(Work instructions) Only the pictures are to be left out; set down the rest of the records exactly.

(Dataset entries)
● ● ● ● ●
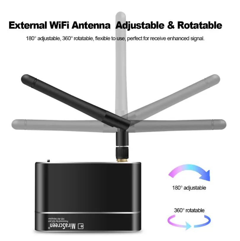 Rotatable WiFi antenna, supports 2.4GHz WiFi, strong signal, free to enjoy online and local content wireless display: Video, Audio, Photo, Office file.
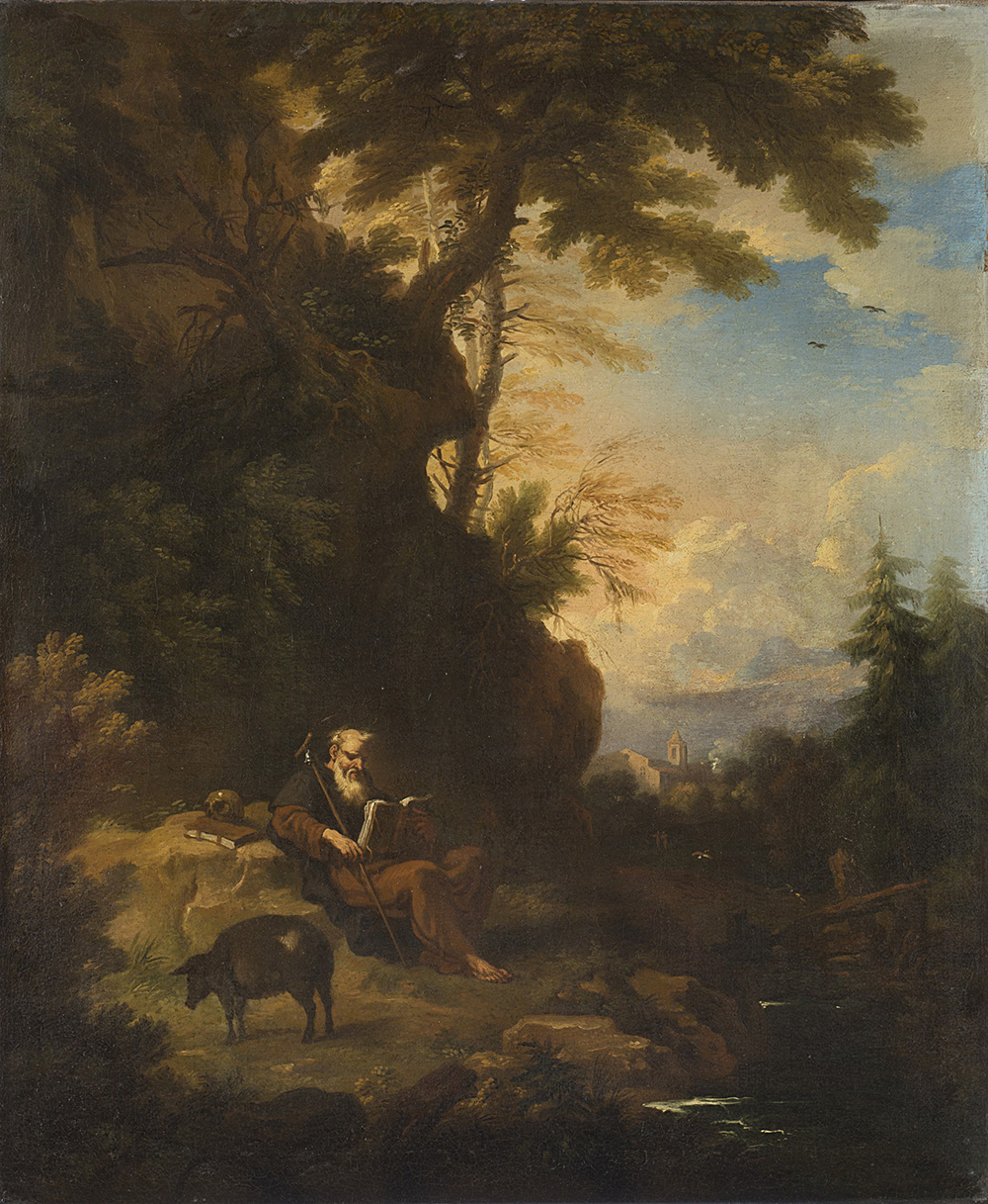 Scuola genovese del secolo XVIII "Sant'Antonio Eremita con paese sullo...
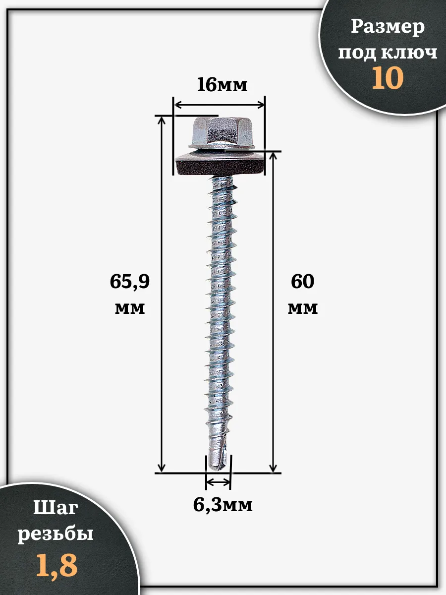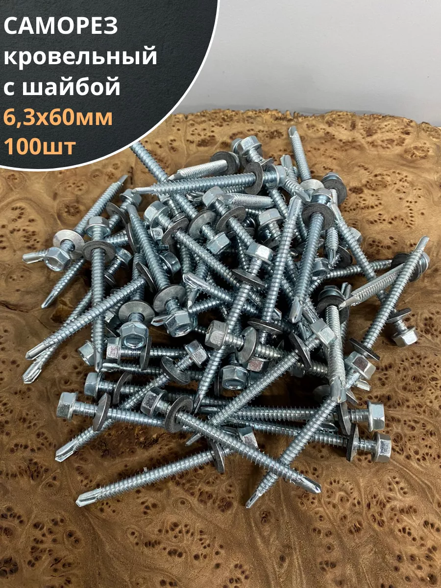 | Саморез кровельный 6,3х60 мм с шайбой (под сверло),ОЦ 100шт | 11423 | 1 шт. |
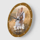 Love | Modern Script with Photo Rustic Brown Large Clock
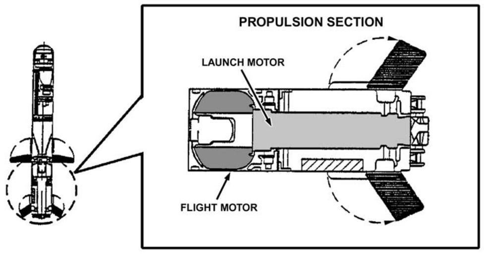 | Keywords: 1-24 Missile propulsion section.PNG en FGM-148 Missile propulsion system 2-stage de FGM-148 Zweistufen-Feststoffantrieb U S Army FM 3-22 37 JAVELIN MEDIUM ANTIARMOR WEAPON SYSTEM HEADQUARTERS DEPARTMENT OF THE ARMY Washington DC 23 January 2003 2003-01-23 PD-USGov FGM-148 Javelin |
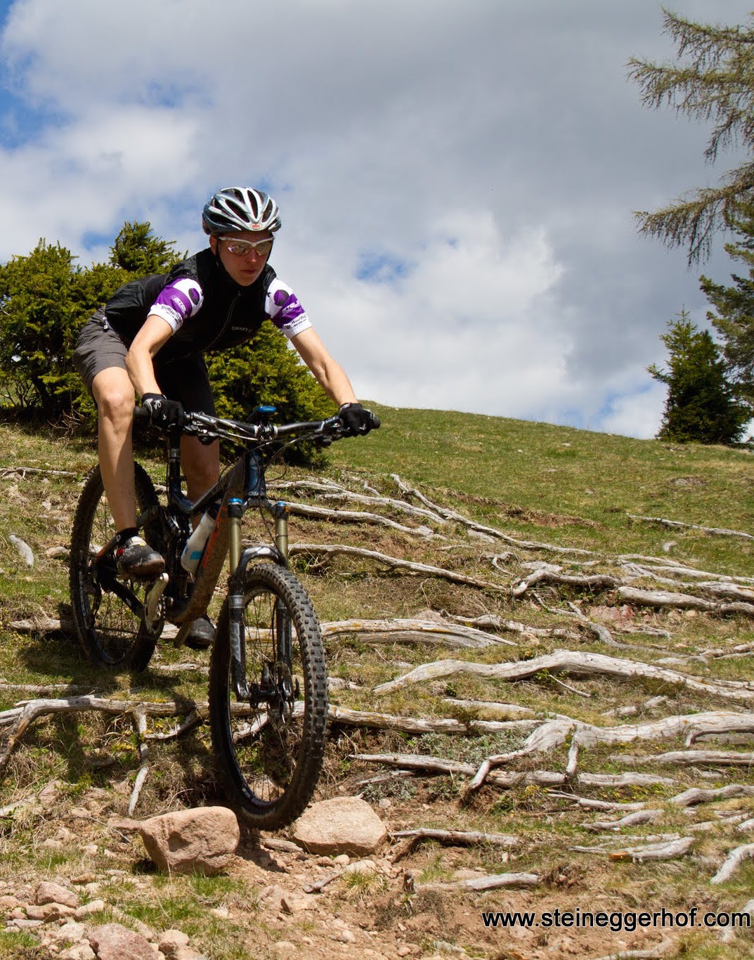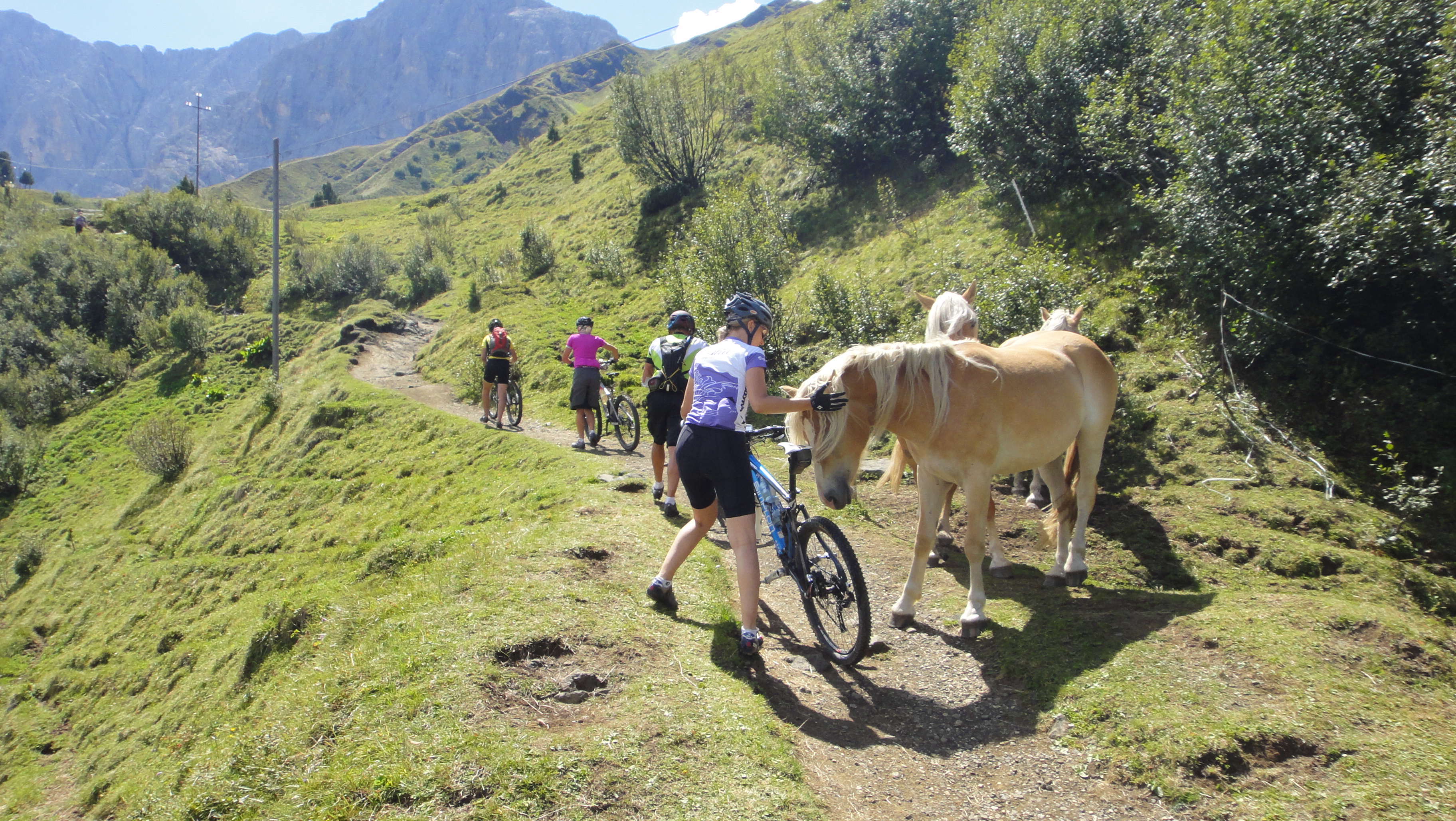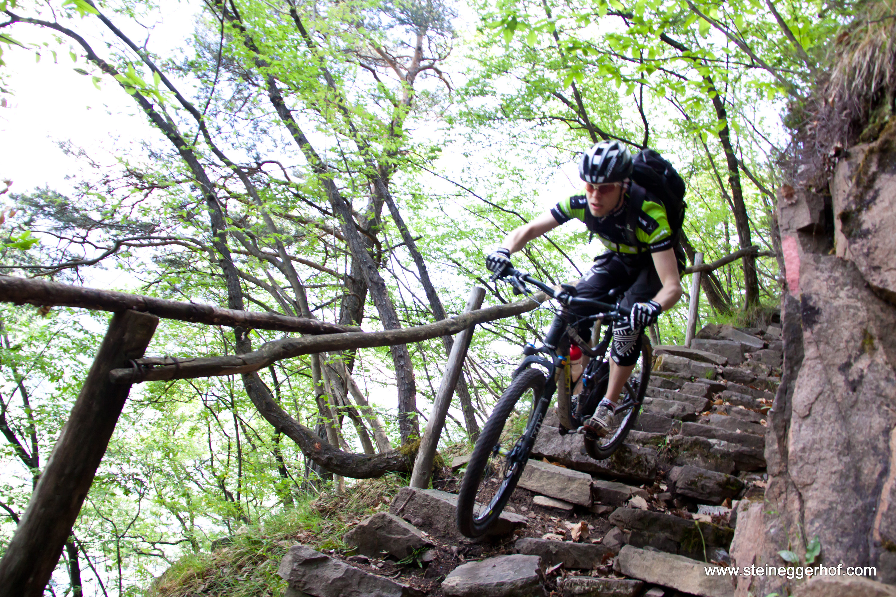 - Mit dem EMTB auf alle Fälle die Tour hoch zum Tschafons, die technisch schwierig mit Spitzkehren nach oben eine echte Herausforderung ist.
● ● ● ● ●
(Solution to this task)
 Rotatable WiFi antenna, supports 2.4GHz WiFi, strong signal, free to enjoy online and local content wireless display: Video, Audio, Photo, Office file.
 Scuola genovese del secolo XVIII "Sant'Antonio Eremita con paese sullo...
 | Саморез кровельный 6,3х60 мм с шайбой (под сверло),ОЦ 100шт | 11423 | 1 шт. |
 Love | Modern Script with Photo Rustic Brown Large Clock
 | Keywords: 1-24 Missile propulsion section.PNG en FGM-148 Missile propulsion system 2-stage de FGM-148 Zweistufen-Feststoffantrieb U S Army FM 3-22 37 JAVELIN MEDIUM ANTIARMOR WEAPON SYSTEM HEADQUARTERS DEPARTMENT OF THE ARMY Washington DC 23 January 2003 2003-01-23 PD-USGov FGM-148 Javelin |
 - Mit dem EMTB auf alle Fälle die Tour hoch zum Tschafons, die technisch schwierig mit Spitzkehren nach oben eine echte Herausforderung ist.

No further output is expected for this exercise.